**Work required:** When the data below is printed, every line must match exactly and the images must be absent.

**Data shown:**
# # # # # # #

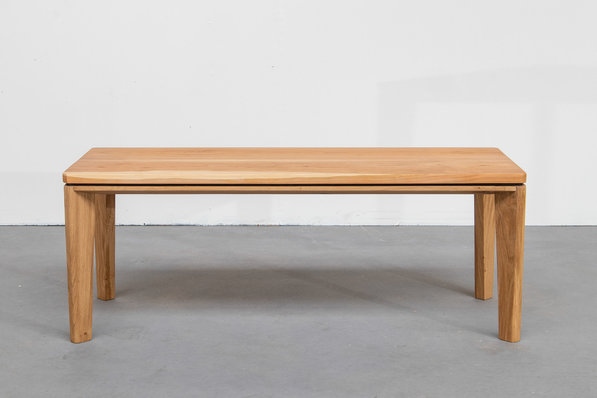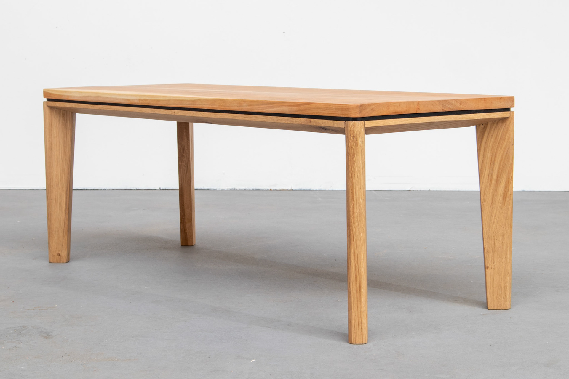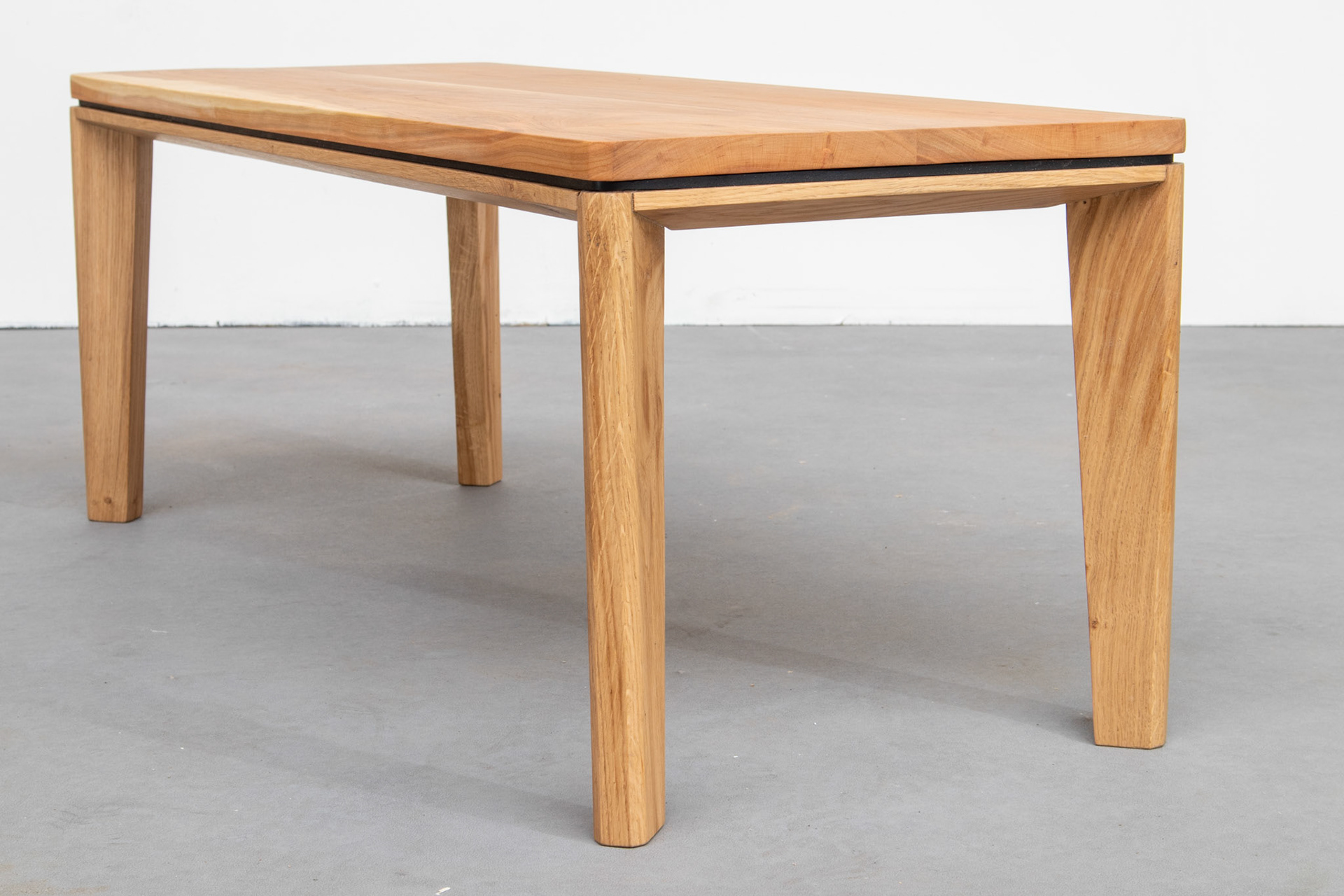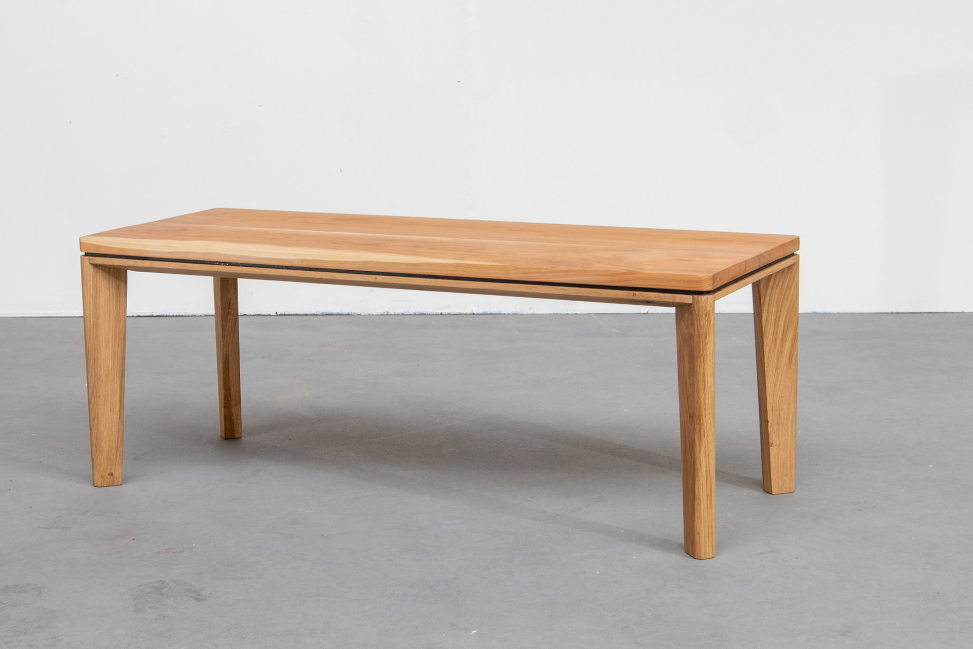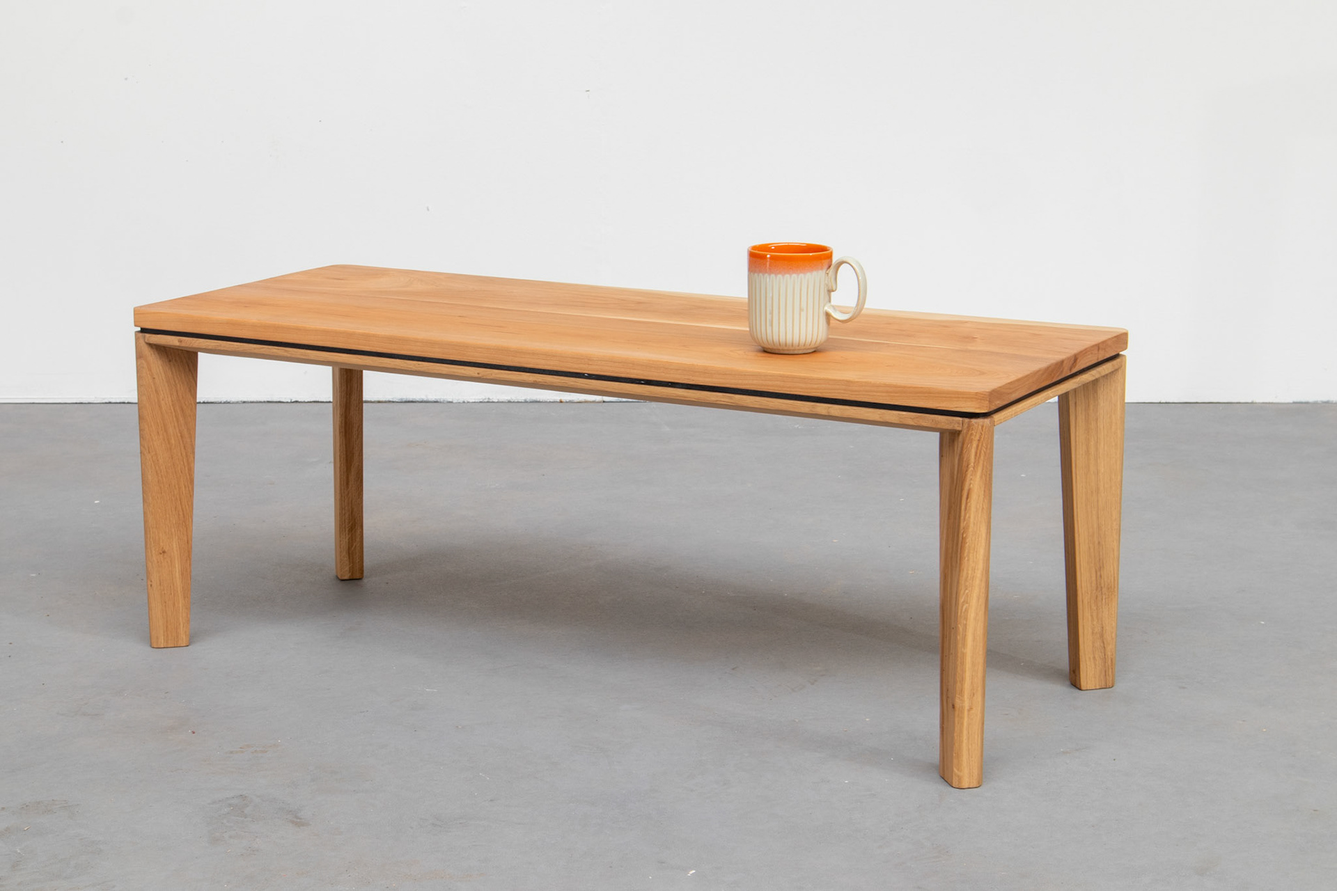 Low pofile coffee table, made from solid cherry top, oak legs and skirt, and a rubber detail. Finished with clear hardwax oil
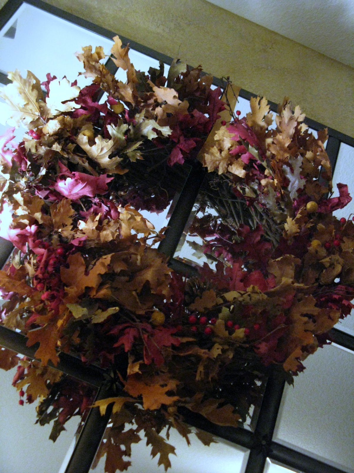 I grabbed a wreath that I bought at Pier 1 years ago to hang on my mirror.
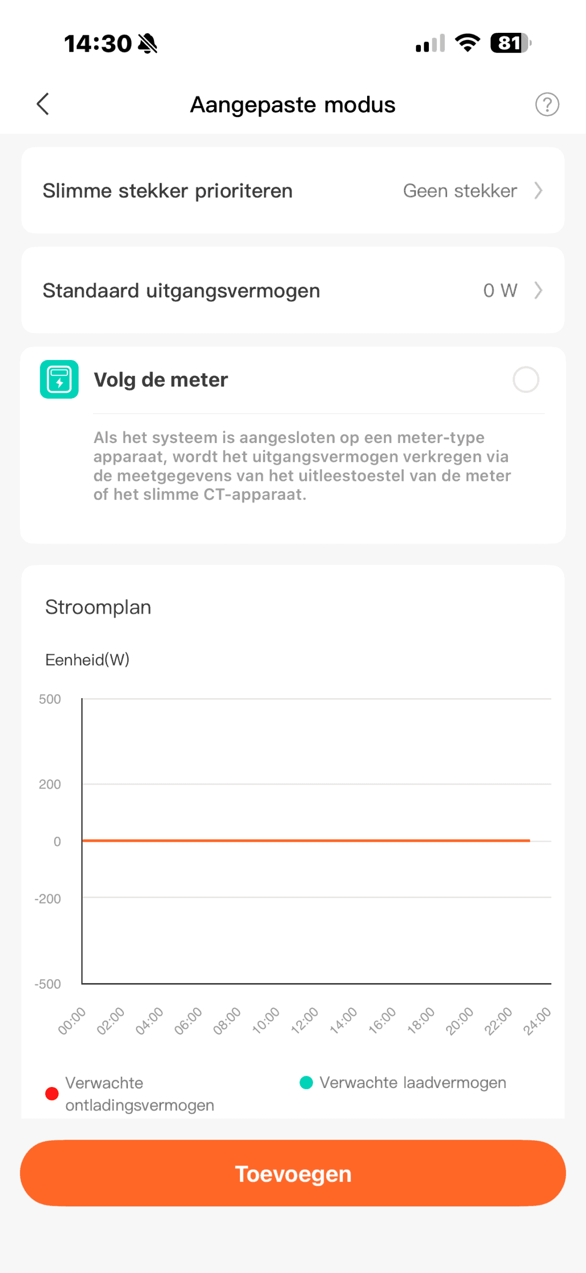 Let op: 🔥 met 2,5 kWh batterij capaciteit kun je met maximaal 1.800W laden en 1.600W ontladen. Dit om de levensduur van de batterij te behouden (Capacity-rate). Heb je 5 kWh of meer dan kun je met 2.500W laden en ontladen.

# # # # # # #

**Completed task:**
 Low pofile coffee table, made from solid cherry top, oak legs and skirt, and a rubber detail. Finished with clear hardwax oil
 I grabbed a wreath that I bought at Pier 1 years ago to hang on my mirror.
 Let op: 🔥 met 2,5 kWh batterij capaciteit kun je met maximaal 1.800W laden en 1.600W ontladen. Dit om de levensduur van de batterij te behouden (Capacity-rate). Heb je 5 kWh of meer dan kun je met 2.500W laden en ontladen.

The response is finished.